* _WHAT IS BEING ASKED_: For this exercise, output the entries below exactly from the line that holds "Royal Brown Soft" to the line that holds "环球网:美媒:乌获准用美武器袭击俄本土,袭击仅限于靠近哈尔科夫州的俄边境地区", both ends included. No pictures belong in the copy.

* _INPUT_:
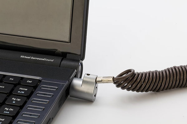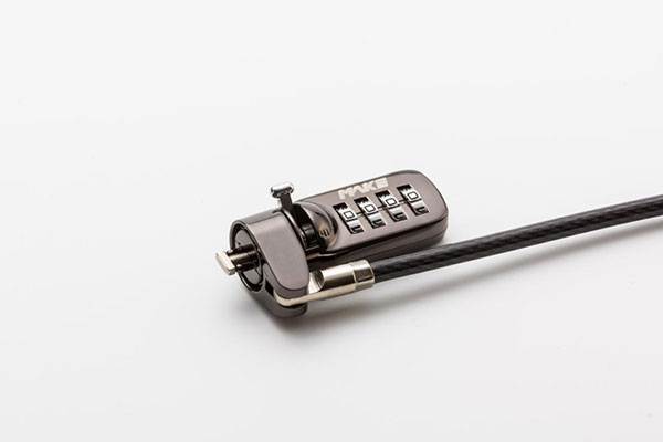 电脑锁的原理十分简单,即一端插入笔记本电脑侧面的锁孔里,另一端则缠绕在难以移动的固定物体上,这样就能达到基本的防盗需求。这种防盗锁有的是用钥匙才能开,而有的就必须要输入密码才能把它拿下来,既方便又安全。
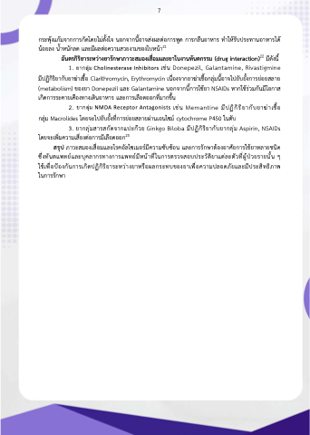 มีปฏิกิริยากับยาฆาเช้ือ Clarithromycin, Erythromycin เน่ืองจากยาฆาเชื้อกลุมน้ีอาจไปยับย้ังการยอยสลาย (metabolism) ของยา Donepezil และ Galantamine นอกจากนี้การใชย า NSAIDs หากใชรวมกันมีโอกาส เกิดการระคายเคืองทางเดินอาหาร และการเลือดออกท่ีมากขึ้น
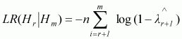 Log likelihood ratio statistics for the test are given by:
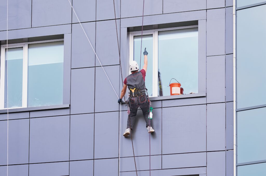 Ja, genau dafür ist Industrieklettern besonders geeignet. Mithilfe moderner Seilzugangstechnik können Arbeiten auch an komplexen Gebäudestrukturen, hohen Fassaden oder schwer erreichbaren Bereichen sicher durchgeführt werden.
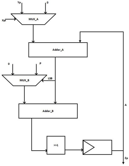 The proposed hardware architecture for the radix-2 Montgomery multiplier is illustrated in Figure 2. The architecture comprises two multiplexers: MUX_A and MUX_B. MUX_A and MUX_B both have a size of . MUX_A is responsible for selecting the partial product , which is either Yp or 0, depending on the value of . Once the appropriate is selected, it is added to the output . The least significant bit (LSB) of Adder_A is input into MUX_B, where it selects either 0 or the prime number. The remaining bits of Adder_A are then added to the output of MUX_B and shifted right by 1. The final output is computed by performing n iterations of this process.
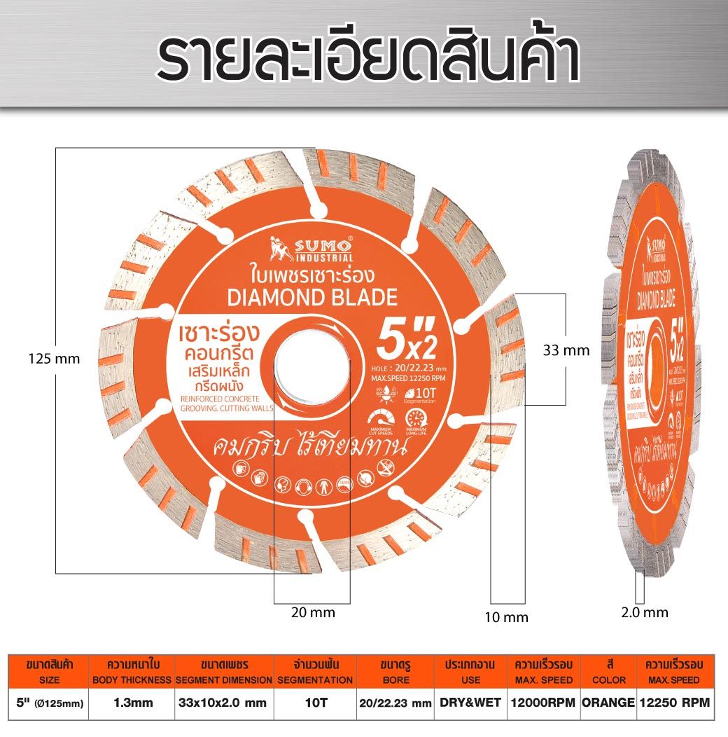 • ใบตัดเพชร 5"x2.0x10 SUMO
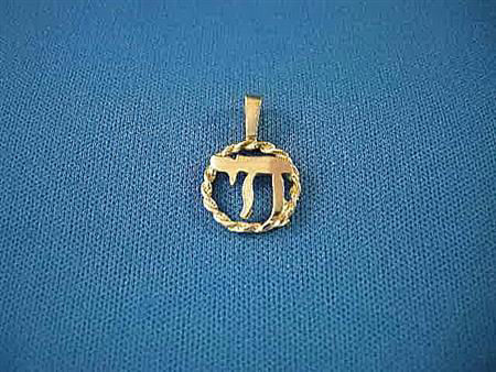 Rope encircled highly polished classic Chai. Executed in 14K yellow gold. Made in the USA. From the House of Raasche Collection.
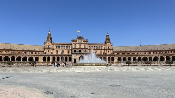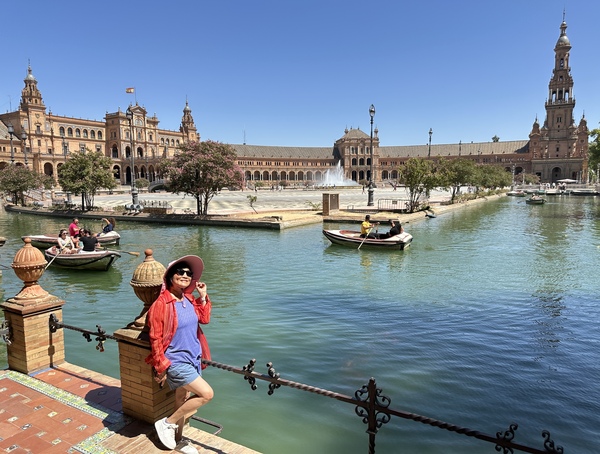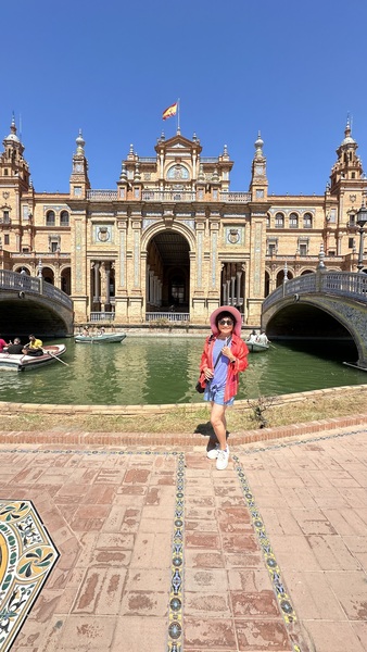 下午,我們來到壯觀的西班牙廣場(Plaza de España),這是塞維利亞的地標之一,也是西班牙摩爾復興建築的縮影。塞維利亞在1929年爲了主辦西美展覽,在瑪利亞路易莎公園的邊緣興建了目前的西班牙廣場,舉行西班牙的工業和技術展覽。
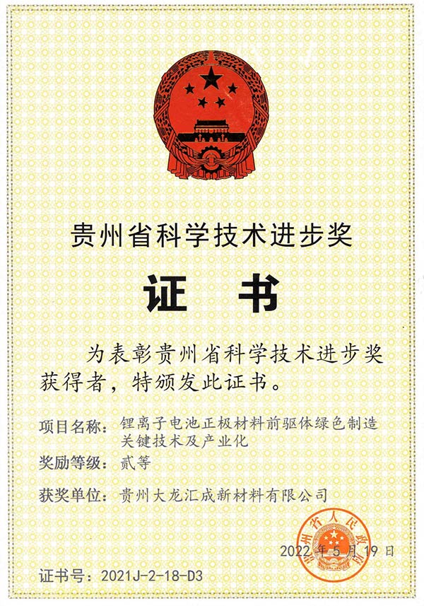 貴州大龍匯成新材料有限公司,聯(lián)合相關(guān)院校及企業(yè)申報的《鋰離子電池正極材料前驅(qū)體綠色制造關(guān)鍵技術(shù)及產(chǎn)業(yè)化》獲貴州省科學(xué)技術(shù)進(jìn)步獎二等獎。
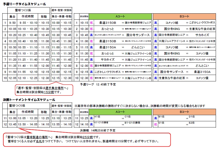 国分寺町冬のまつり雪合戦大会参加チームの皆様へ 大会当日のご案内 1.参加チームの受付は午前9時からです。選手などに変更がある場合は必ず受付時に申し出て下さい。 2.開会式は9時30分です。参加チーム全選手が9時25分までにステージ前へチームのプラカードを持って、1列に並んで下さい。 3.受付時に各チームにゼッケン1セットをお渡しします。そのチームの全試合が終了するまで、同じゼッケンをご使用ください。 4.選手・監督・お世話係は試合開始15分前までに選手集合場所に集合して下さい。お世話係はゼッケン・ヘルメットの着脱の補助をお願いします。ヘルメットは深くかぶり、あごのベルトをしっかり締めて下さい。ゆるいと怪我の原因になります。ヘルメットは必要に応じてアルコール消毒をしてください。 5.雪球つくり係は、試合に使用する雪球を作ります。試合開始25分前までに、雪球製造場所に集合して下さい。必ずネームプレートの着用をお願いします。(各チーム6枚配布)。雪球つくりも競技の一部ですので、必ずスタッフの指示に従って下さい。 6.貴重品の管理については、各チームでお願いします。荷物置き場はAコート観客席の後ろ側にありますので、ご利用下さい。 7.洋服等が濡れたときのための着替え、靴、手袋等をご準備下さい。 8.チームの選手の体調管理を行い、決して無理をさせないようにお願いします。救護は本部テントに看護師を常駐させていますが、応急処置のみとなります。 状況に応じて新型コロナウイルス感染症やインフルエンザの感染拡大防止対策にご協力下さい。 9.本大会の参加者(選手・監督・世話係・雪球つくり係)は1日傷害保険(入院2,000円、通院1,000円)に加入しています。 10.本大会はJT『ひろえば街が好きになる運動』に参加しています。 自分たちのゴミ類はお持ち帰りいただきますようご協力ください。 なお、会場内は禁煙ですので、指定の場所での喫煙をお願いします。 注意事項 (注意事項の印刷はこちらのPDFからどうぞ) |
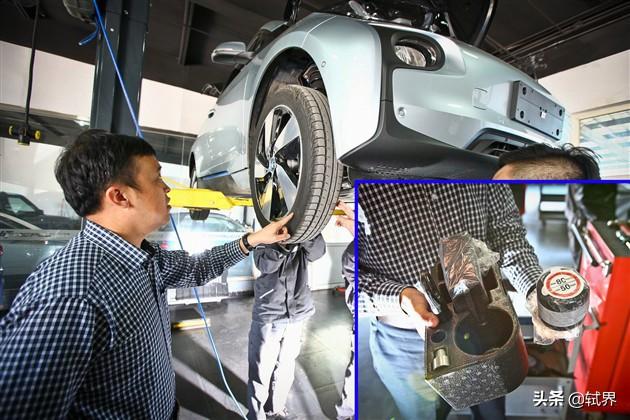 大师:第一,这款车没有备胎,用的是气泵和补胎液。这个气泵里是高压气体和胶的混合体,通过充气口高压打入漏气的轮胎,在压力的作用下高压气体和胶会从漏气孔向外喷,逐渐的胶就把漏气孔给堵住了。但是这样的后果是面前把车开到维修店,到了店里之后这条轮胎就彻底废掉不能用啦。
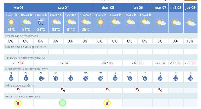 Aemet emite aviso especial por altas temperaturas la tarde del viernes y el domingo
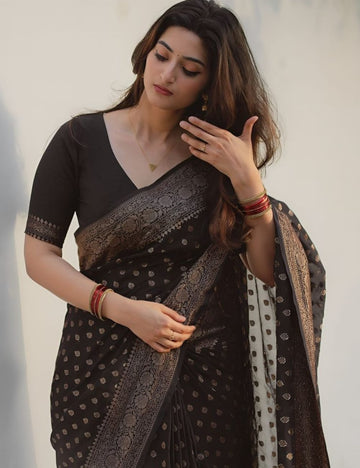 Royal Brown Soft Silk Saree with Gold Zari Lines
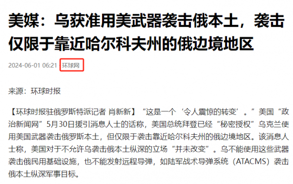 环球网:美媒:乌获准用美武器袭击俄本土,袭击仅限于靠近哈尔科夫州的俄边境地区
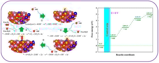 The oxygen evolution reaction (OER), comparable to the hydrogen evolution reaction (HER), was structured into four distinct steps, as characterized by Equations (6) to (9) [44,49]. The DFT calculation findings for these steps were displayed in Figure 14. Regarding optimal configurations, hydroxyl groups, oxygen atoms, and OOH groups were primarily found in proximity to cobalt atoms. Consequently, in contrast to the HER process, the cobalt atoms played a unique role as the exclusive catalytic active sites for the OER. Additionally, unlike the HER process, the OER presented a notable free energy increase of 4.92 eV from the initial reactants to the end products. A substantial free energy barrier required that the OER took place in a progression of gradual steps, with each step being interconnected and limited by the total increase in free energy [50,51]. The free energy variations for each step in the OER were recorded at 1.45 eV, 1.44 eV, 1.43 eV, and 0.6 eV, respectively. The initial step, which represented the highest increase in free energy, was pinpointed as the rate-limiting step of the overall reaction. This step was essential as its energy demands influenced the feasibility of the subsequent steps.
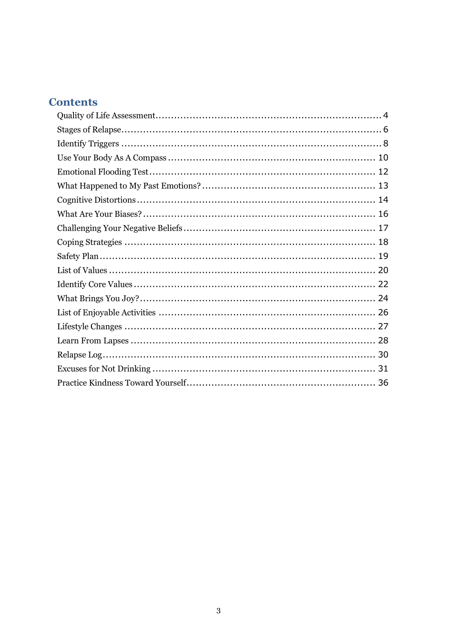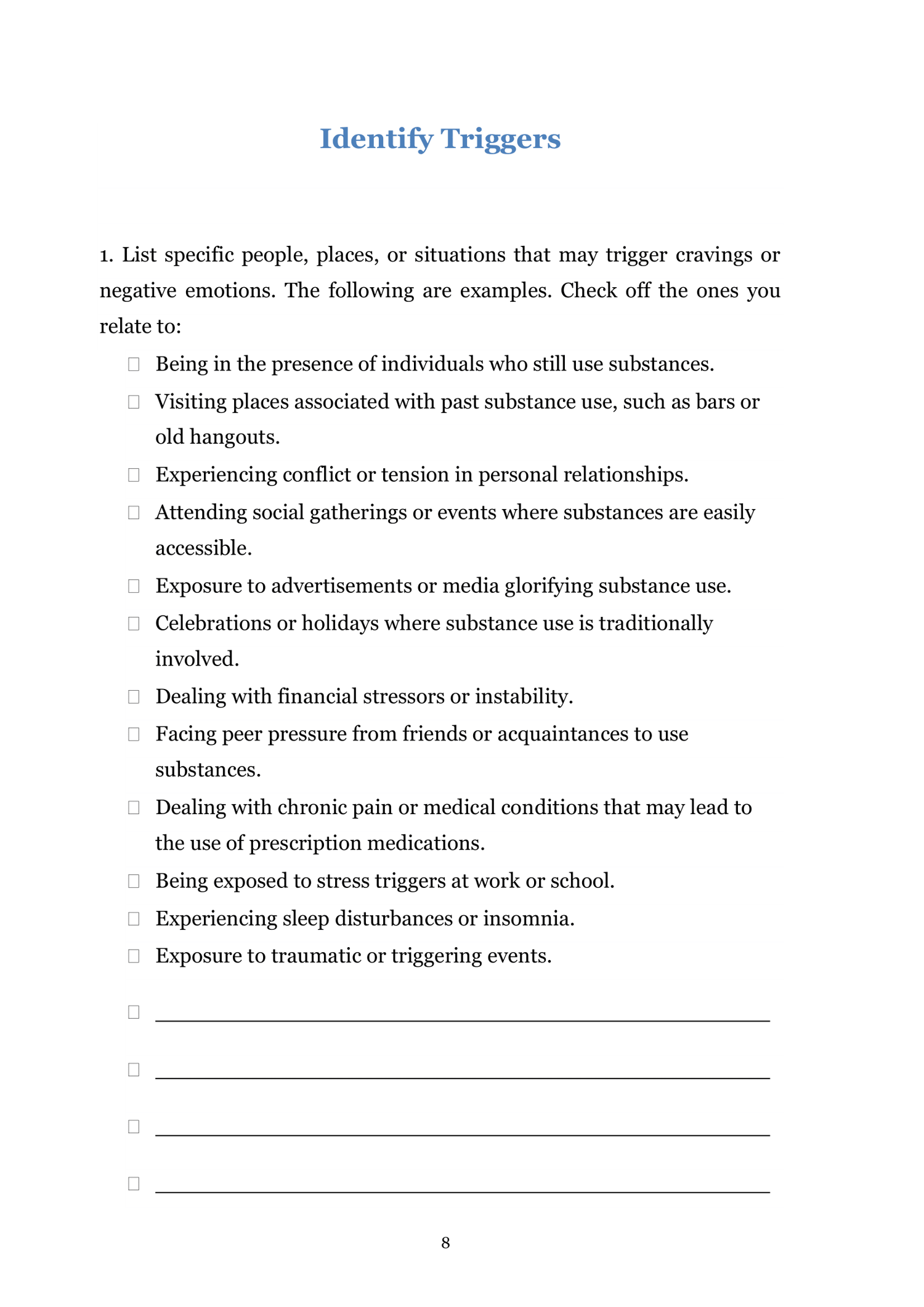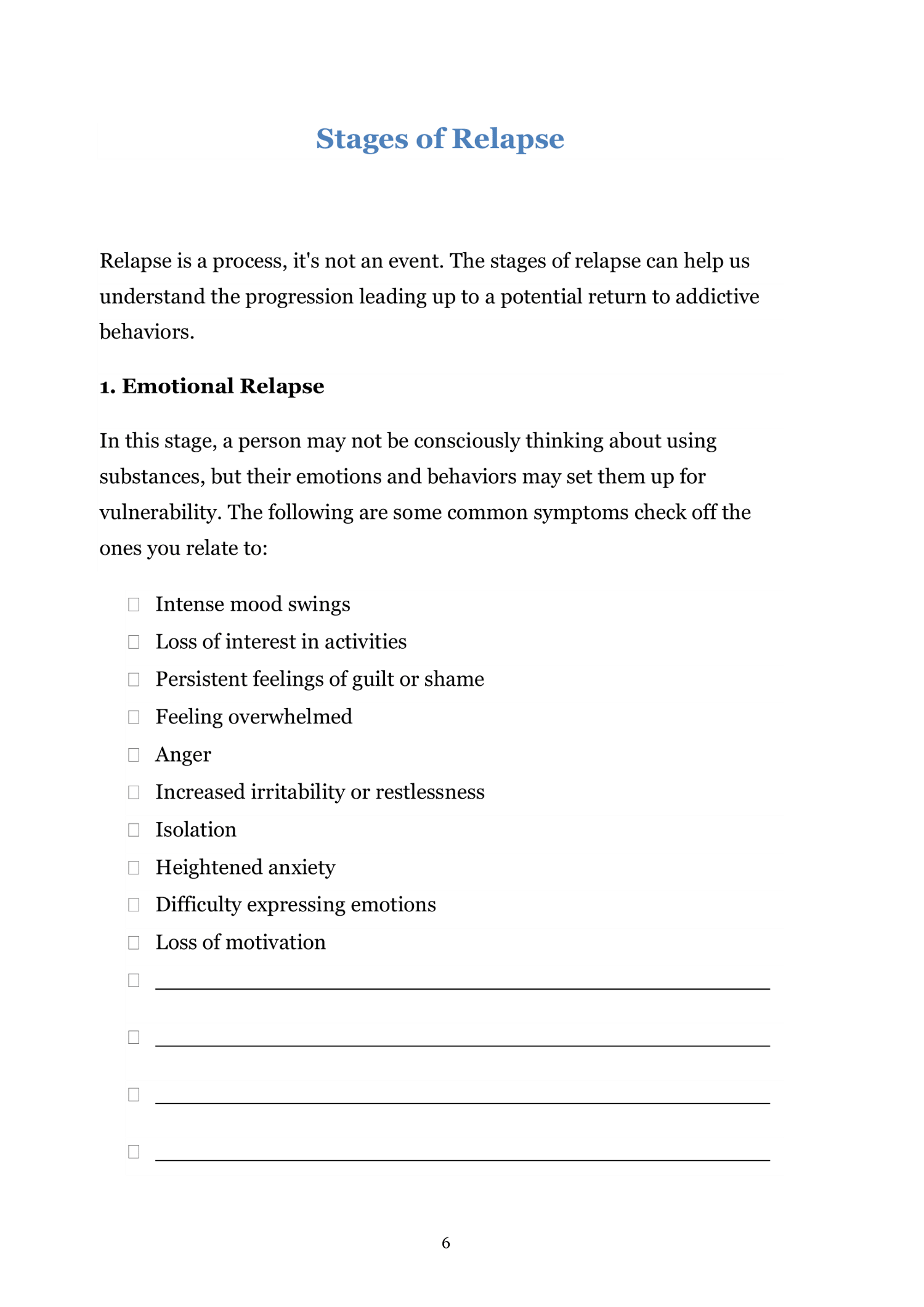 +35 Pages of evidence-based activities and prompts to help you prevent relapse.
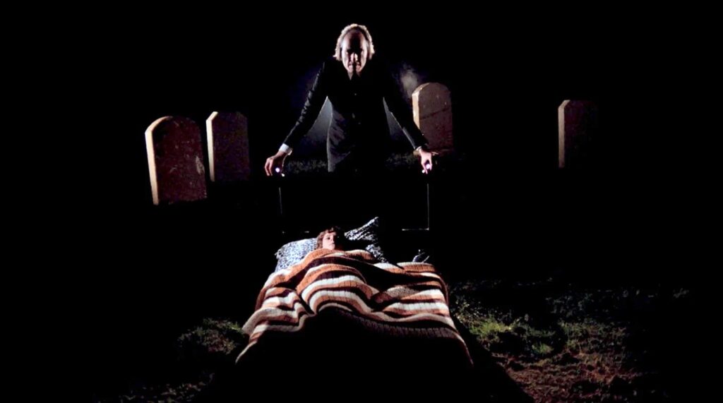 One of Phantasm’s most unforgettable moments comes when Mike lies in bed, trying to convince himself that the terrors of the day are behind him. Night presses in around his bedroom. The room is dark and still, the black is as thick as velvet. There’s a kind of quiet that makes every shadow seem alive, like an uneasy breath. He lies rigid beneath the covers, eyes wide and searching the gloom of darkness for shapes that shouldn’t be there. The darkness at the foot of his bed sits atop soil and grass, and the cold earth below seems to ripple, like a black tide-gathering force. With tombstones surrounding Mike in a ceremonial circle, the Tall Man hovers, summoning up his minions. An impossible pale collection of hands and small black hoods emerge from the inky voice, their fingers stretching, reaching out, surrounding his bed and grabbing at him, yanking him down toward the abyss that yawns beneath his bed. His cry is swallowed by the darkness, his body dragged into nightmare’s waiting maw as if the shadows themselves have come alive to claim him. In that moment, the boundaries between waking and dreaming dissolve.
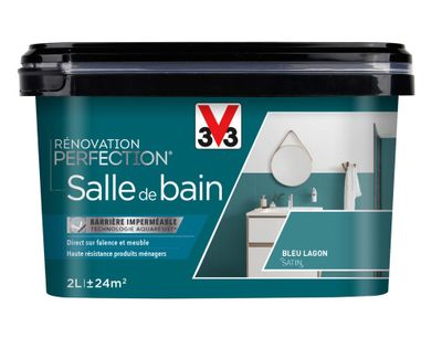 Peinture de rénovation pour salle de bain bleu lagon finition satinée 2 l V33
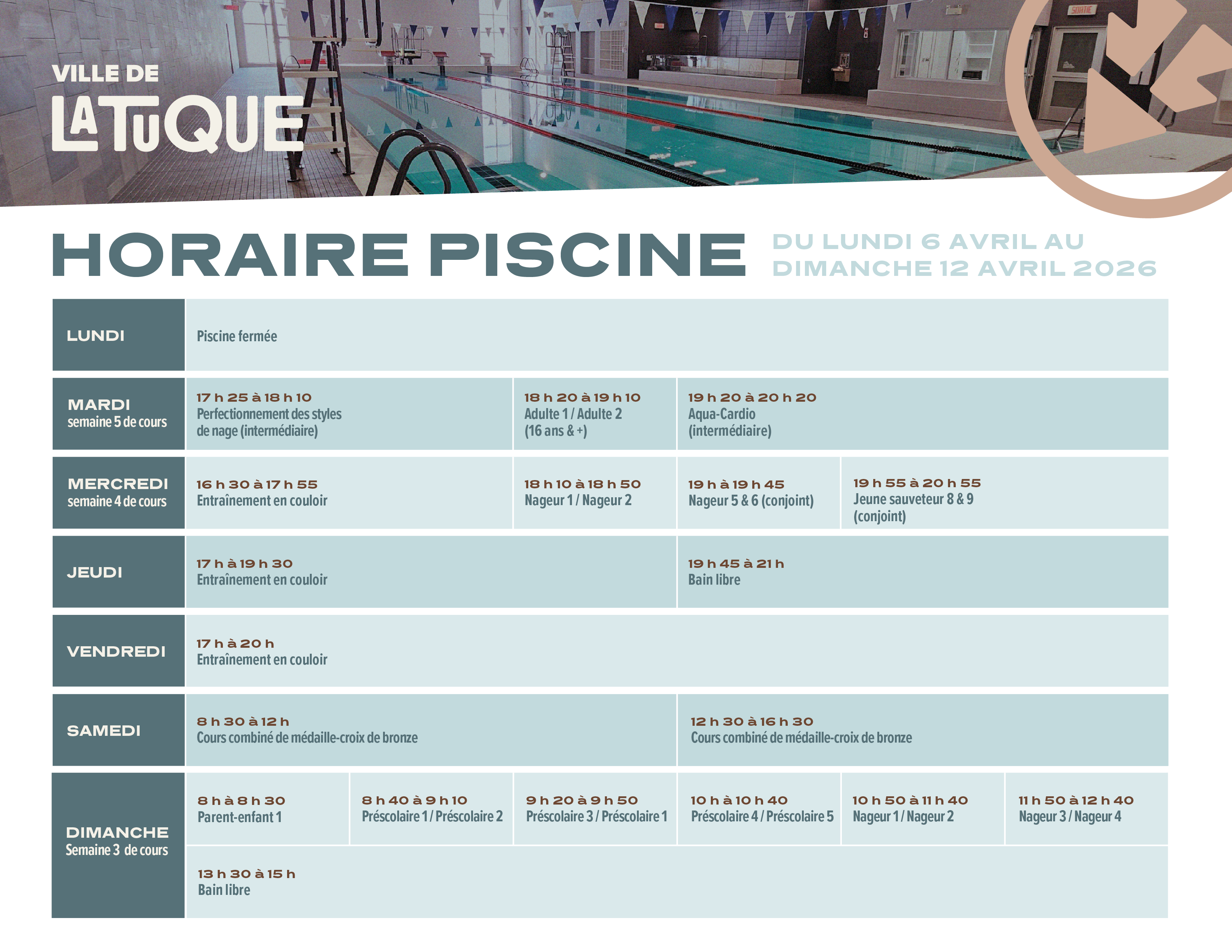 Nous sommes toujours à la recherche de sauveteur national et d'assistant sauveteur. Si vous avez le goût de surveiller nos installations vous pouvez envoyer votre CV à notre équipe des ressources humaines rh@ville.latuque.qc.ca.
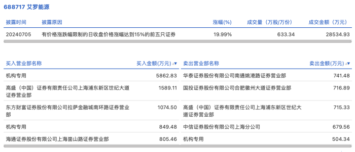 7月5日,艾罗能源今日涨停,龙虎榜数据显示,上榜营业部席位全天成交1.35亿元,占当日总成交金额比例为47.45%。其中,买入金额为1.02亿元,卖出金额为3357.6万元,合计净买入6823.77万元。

* _REPLY TO THE TASK_:
 Royal Brown Soft Silk Saree with Gold Zari Lines
 环球网:美媒:乌获准用美武器袭击俄本土,袭击仅限于靠近哈尔科夫州的俄边境地区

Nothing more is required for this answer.